Traditional panhandle PCR (Jones and Winistorfer 1992), inverse PCR (Ochman et al. 1988; Benkel and Fong 1996; Uchiyama and Watanabe 2006) and terminal modification-dependent PCR (Tsuchiya et al. 2009; Ashrafmansouri et al. 2020) involve pretreatments prior to the PCR reactions, such as endonuclease cleavage and DNA ligation, which reduce the walking efficiency and increase the cost and workload (Jeung et al. 2005). Therefore, the development of a truly PCR-based genome-walking technique is desired. Universal fast walking (Myrick and Gelbart 2002) and its variants (Park 2005; Wang et al. 2007) are completely PCR-based techniques. However, these techniques do not always result in positive outcomes because the exclusive single walking primer sometimes fails to bind to the DNA of interest. Moreover, the number of ssDNAs anticipated to form panhandle-like molecules is limited, which also reduces the success rates of these methods. In our method, more than one ISA root can be obtained from the known region between SSP2 and SSP3 (Fig. 1), and any ISA root can result in many ISA primers by adding buds at the 3’ end. Thus, SSP1 can pair with various ISA primers, allowing a set of parallel PCR reactions to be conducted. We hypothesize that at least one ISA primer will successfully anneal to some site on the unknown DNA of interest at the low-stringency cycle, resulting in the guaranteed success of the method. In addition, an ISA primer should have a distinctive annealing site because of its unique 3’ bud. Thus, a rather long fragment may be produced if parallel PCR reactions are performed. These features ensure the high walking efficiency and success rate of DAR-PCR.

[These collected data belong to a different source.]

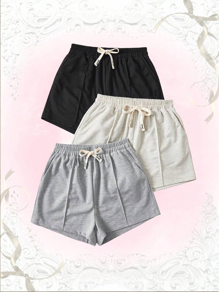 3 Stücke Shorts mit Naht, Detail, Tunnelzug,
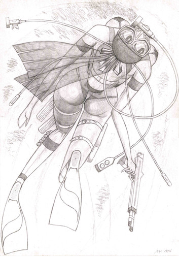 An original character I made just for fun. She's meant to be part of the Romantically Apocalyptic web comic. She does underwater recon for Captain, though that's probably not a good thing. >.>Edit- New scan. Hopefully this one is a bit clearer but lacks the high resolution. (I can't win.)
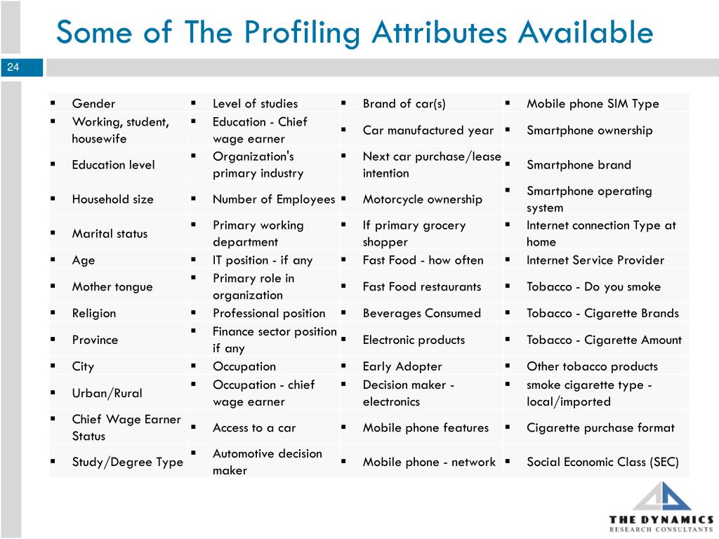 Information Gathering Techniques • The Dynamics – Research Consultantsuse the following techniques to collect the desired information for the research studies they handle: • Secondary / Desk Research • Personal Observation • Mystery Shopping • Focus Group discussions • Depth interviews • Face-to-face, paper and pen interviews [F2F PAPI] • Telephone interviews • Mail / self-administered questionnaires • Computer aided personal interviews [CAPI] • Computer aided telephone interviews [CATI] • Central location test [CLT] • Home usage test [HUT] • Internet – Online Research Panel • Mobile based Data Collection Solution
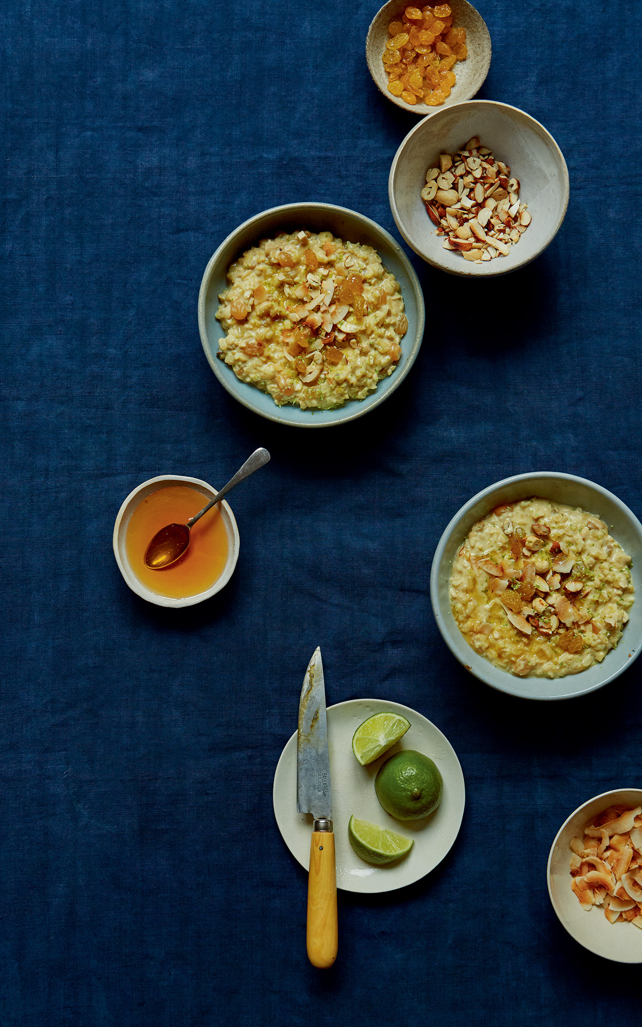 After 20 minutes add the nuts, raisins, spices and honey to the rice and cook for another 15 minutes until thick and creamy, somewhere between rice pudding and porridge. You want to reach the sweet spot where the rice is soft, with very little bite, and the kheer is creamy but not too thick. If it looks like it is thickening too fast, turn the heat down and top up with a little boiling water from the kettle. Serve spooned into bowls with the lime zest and coconut flakes on top; if you have a sweet tooth you could add a little extra honey on top.
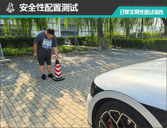在前方视野测试中,我们采用高70cm的桩桶作为参照物,随后调整车距,直至在主驾驶位可以看到桩桶上沿。经过测试,桩桶与车头最终测得的数据为2.095m,在测试过的同级别车型中处于中游水平。
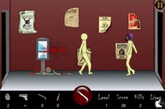 ゲームをスタートすると、左右の入口から、人や動物が移動するので、画面を指でタップして撃ち倒していきます。

TAIL-PCR (Tan et al. 2019) and POP-PCR (Li et al. 2015) are versatile genome-walking methods. The two methods dilute undesired products owing to the differential annealing between the walking primer and SSP. Thus, the two methods enrich target DNAs by having the efficiency of the specific amplification surpass that of non-specific amplification, which implies that non-specific amplification is not negligible. For specificity and efficiency, DAR-PCR is superior to TAIL-PCR or POP-PCR because its secondary reaction is performed using a completely sequence-specific primer pair.

In some cases, multiple bands appeared in the gel (Fig. 2). This multi-band phenomenon is common in most PCR-based DNA-walking technologies, and it may be interpreted as the walking primer annealing to multiple sites on the unknown region of interest (Tan et al. 2019; Liu and Chen 2007).

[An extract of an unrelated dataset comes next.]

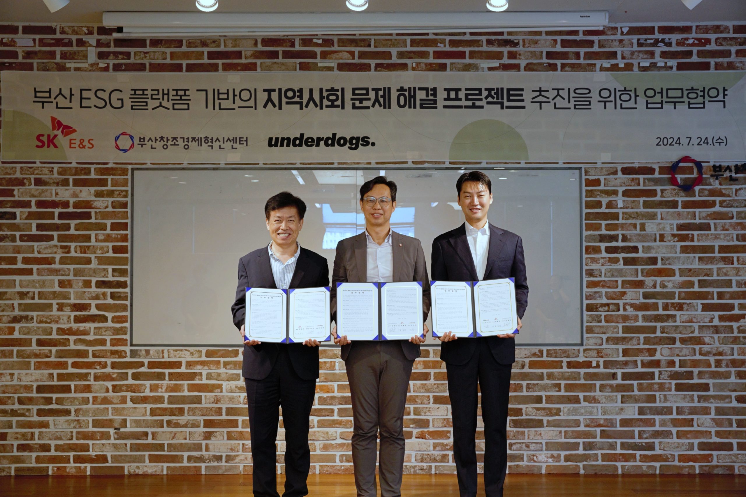 부산창조경제혁신센터(이하 ‘부산창경’)는 24일 SK E&S, 언더독스와 함께 플랫폼 기반의 지역사회 문제 해결 프로젝트 추진을 위한 업무협약을 체결했다고 밝혔다.
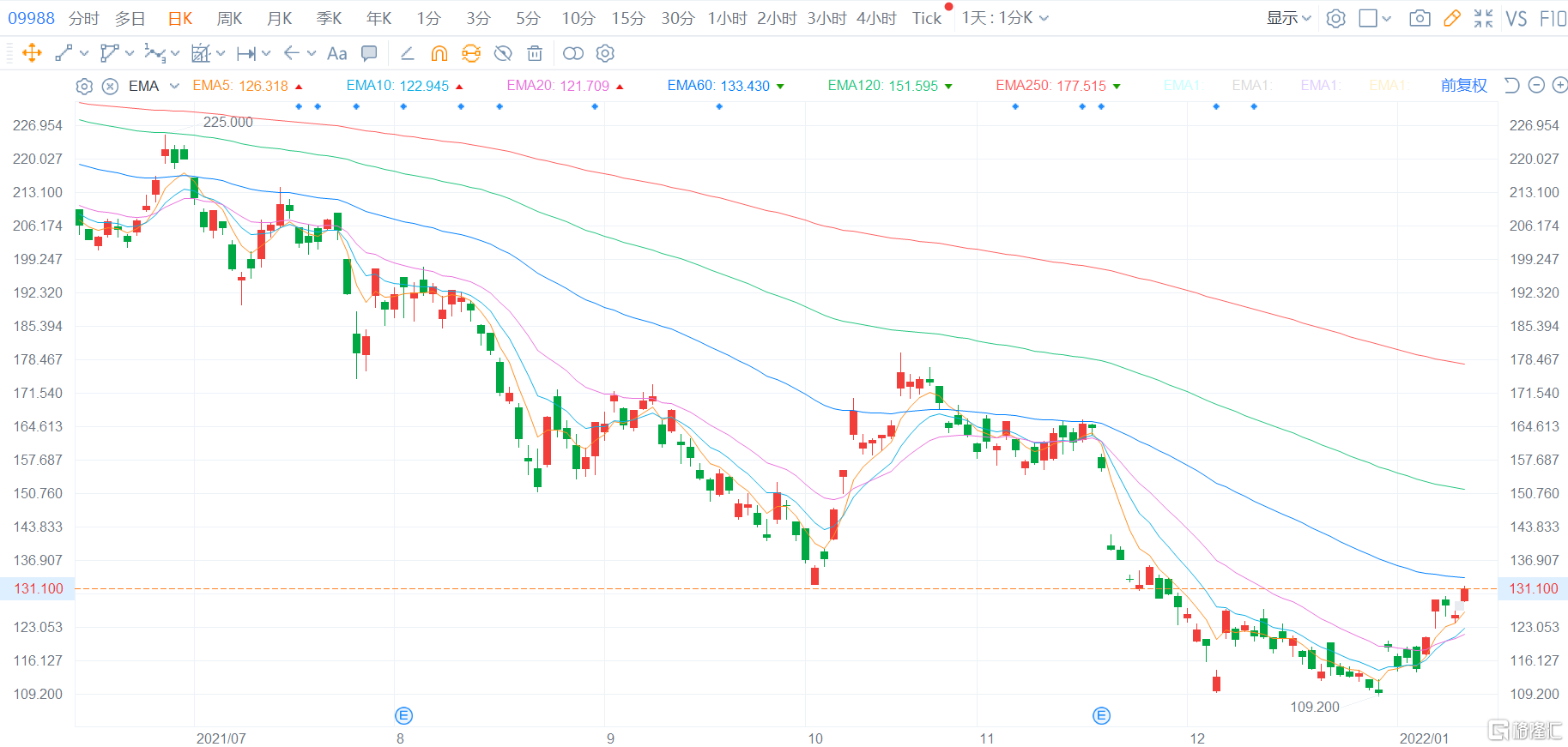 阿裏巴巴(9988.HK)漲近5%重上130港元,較低點反彈超20%

A new tool, DAR-PCR, has been established for the efficient determination of unknown DNA. This method dispenses with extra steps prior to PCR reactions and decreases the number of artifacts that occur in available genome-walking strategies. This method has many potential applications in molecular biology and related areas. DAR-PCR is a promising alternative to the existing DNA walking methods owing to its high specificity and efficiency, along with its simplicity.